Rouch was considered radical in his time. Nonetheless, he spearheaded a whole cinematic movement that took the Western world by storm. Called ‘cinema verite’, his style of filmmaking may be seen as an early form of ‘reality programming’. However, unlike reality TV, Rouch wanted to understand African peoples within their own cultural context. And because he was an academic, a cultural anthropologist and ethnographer as well as a filmmaker, his cinema was meant to serve as a scholarly form of research. He aimed to document aspects of a people’s culture which he recognized as dynamic, ever-changing and ephemeral.

The Rouch film that was shown this past Wednesday at Alliance Francaise is one of the Frenchman’s most controversial. Entitled ‘The Mad Masters’ (Les Maitres Fous’), the film documents a specific ceremony practiced by a cult from Ghana known as the Hauke. Rouch managed to gain the trust of the Hauke to such an extent that he was able to film cult followers who were put into a trance-like state where they became “possessed” by the spirits of their colonial officers.

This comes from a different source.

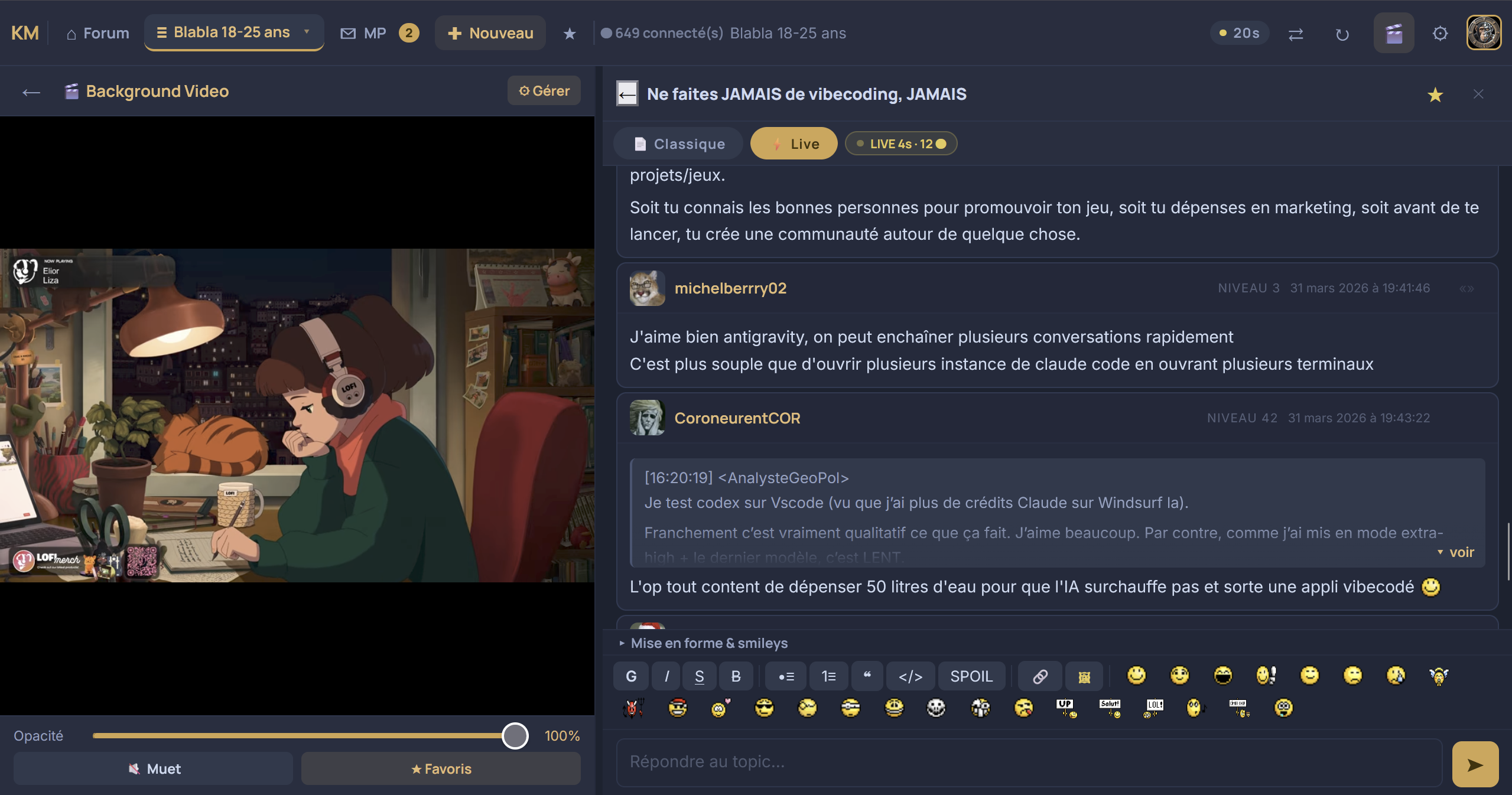 J'ai vibe code un user script pour voir facilement les messages en mode thread (finito les messages imbriqués illusibles) + un système de favoris de topics/forum/post
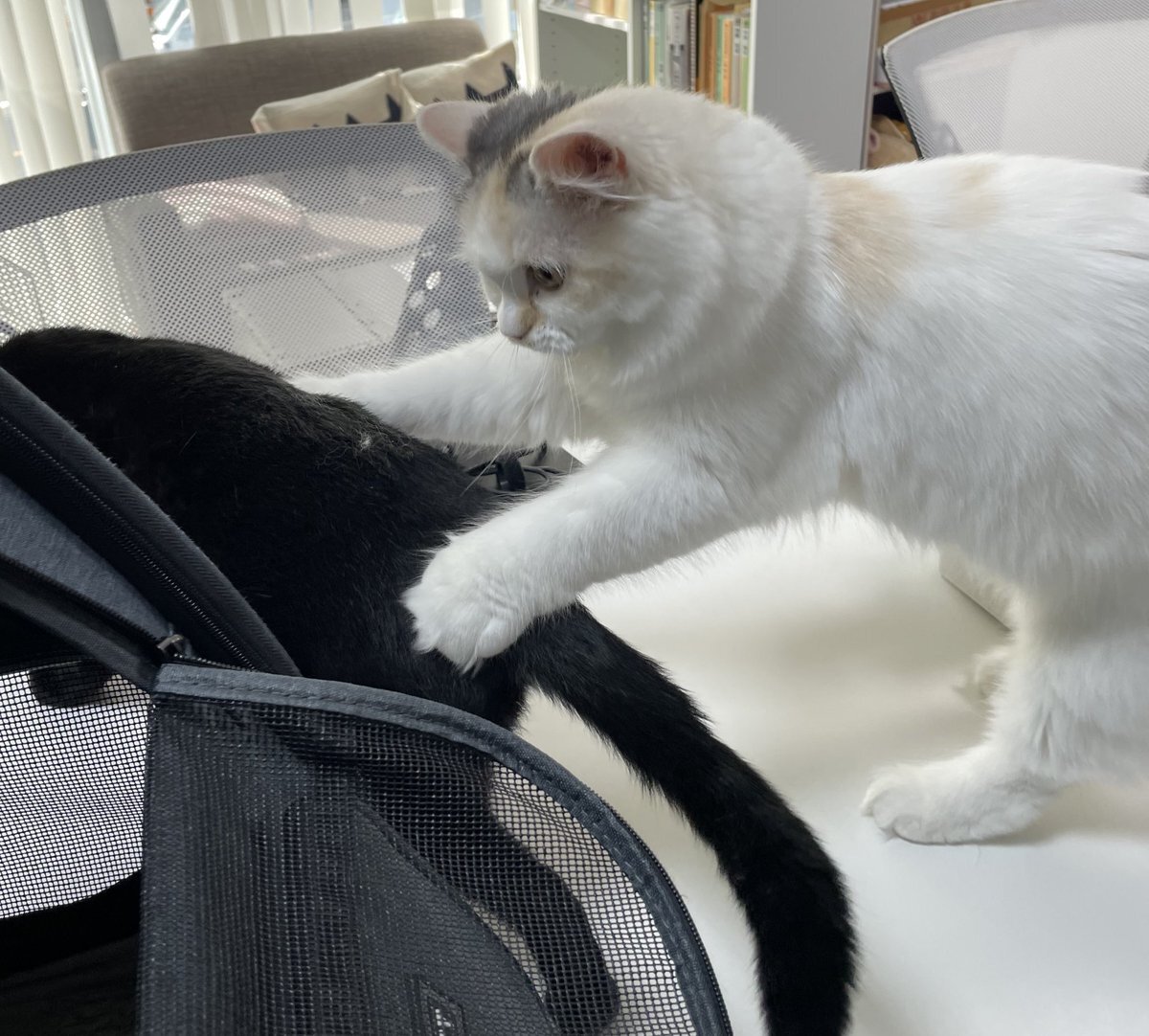 まぐろにちょっかいを出すエミリ🎀 #ねこぱんち神戸三宮 pic.x.com/134qRDEFZx

That same night, Rouch’s film was contrasted with a contemporary ethnographic documentary entitled ‘Lukumbe’ (or ‘Knife’ in Bukusu) made by the Kenyan filmmaker, Dennis Machio. Subsequently, there was a discussion between Machio and the Deputy Director of the French Institutefor Research on Africa, Chloe Josse Durand. They explored the similarities and differences between ethnographic films, one by Rouch from the 20th century, the other by Machio from the 21st century.

Tonight, Rouch’s centenary celebrations will extend into a musical realm when two musicians from Mozambique will perform a concert called ‘A Million Things’. Its starting point the cinematic work of Rouch who died in 2004 in Niger, having spent more than 60 years making films in Africa.